Amanda ergueu os olhos, tirando a atenção da tela de seu telefone celular. Fitou a atendente atrás do balcão, esperando-a entregar o pagamento.

— Me desculpe, o que disse? — Amanda averiguou, confusa. Havia se distraído, e não a ouviu falar o valor devido.

— São 12 e 50, moça — retorquiu a atendente, visivelmente irritada.

— Oh! Desculpe... Hum...

Amanda sempre perdia a noção quando trocava mensagens com o seu "namorado virtual", como ela costumava chamar. Um rapaz chamado Rafael, cujo perfil em um aplicativo de paquera havia chamado a sua atenção. Eles conversavam há meses, e agora decidiam se encontrar pessoalmente.

Ela ainda não tinha ideia como após tanto tempo conversando, continuavam encontrando assuntos novos a discutir.

Guardando o telefone no bolso, Amanda procurou pelo cartão de débito em sua bolsa, mostrando para moça do caixa. Apertou os lábios, sacudindo-o no ar.

— Passa no débito — Amanda disse, voltando a atenção para a tela do telefone. Rafael havia mandando outra mensagem. Ela sorriu, escutando ao mesmo tempo, a moça do caixa dizer para digitar a senha.

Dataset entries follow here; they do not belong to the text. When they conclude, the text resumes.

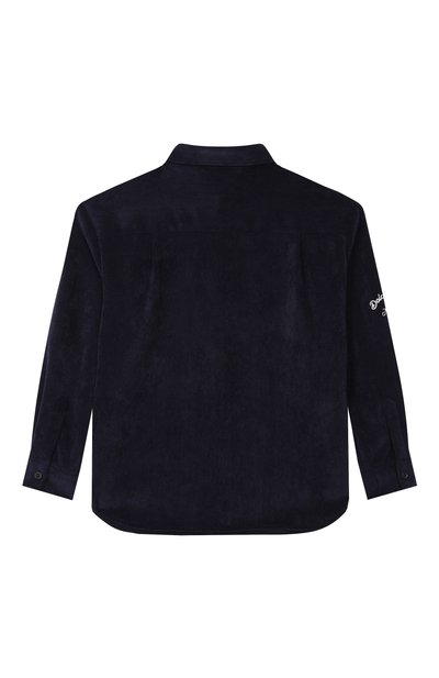 Для создания oversize-рубашки с воротником button down выбрали стрейчевый вельвет из полиэстера с добавлением полиамида. На правом рукаве вышили контрастный логотип, а левый нагрудный карман подчеркнули фирменной двухслойной пластиной.
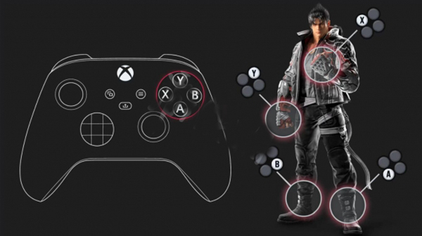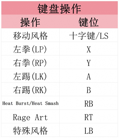 攻擊按鍵對(duì)應(yīng)角色的四肢:X(左拳);Y(右拳);A(左踢);B(右踢)。
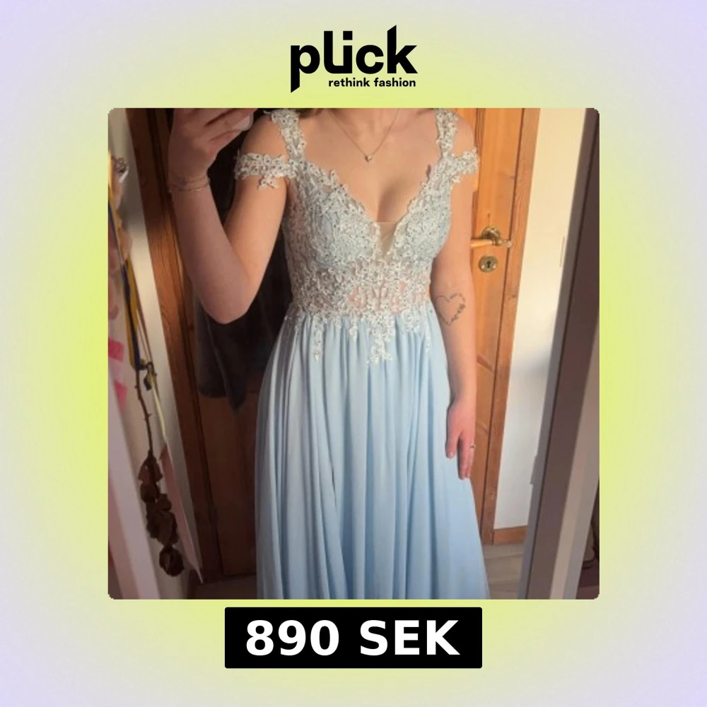 Säljer nu min fina balklänning, ljusblå med fina detaljer och slits vid vänstra benet. Köpt på Hebeos för ca 1400kr💕 Storlek S och går ner till marken på mig som är 168cm💖Använd endast under en dag!

Após pagar o copo de mocha, a moça saiu de um bistrô perto da faculdade. As aulas do curso de Engenharia Mecânica eram sempre pesadas, mas estava aliviada que finalmente seu dia estava livre. Tinha folga do trabalho, por isso decidiu encontrar um amigo.

Matteo era o que se poderia se chamar de gênio. Um talento desperdiçado pelo poder público e privado; um gênio oculto para o mundo. Um estudante de física fascinado pelo universo e a astrofísica — também muitos filmes de ficção científica.

O jovem era calouro na faculdade de Amanda, e sugeriu abrir um bar estilo arcade perto do campus. Matteo tinha algum dinheiro e conseguiu realizar sua proposta comprando um velho galpão. À noite, seu bar chamado Arcade estava sempre cheio de universitários bêbados. Pela parte do dia, era ocupado por um monte de estudiosos, fazendo experimentos nos galpões longe do bar. Matteo disse que o bar é um investimento com grande retorno financeiro.

Amanda adorava passar por lá uma vez ou outra, porque gostava dos estudos sobre astrofísica de Matteo.

Mesmo distraída, trocando mensagens com Rafael, ela passou pelas portas do galpão aquele dia. Seu amigo parou o que fazia, olhando-lhe naquele momento. Segurava o canudo do copo de mocha na boca, e mexia os dedos com velocidade na tela do telefone celular.

— Você ainda será atropelada, Amanda — disse Matteo, enrugando a testa. — Deveria olhar por onde anda.

A moça ergueu os olhos da tela do telefone para o amigo. Matteo era um rapaz franzino de cabelos encaracolados, e estava muito sujo de graxa.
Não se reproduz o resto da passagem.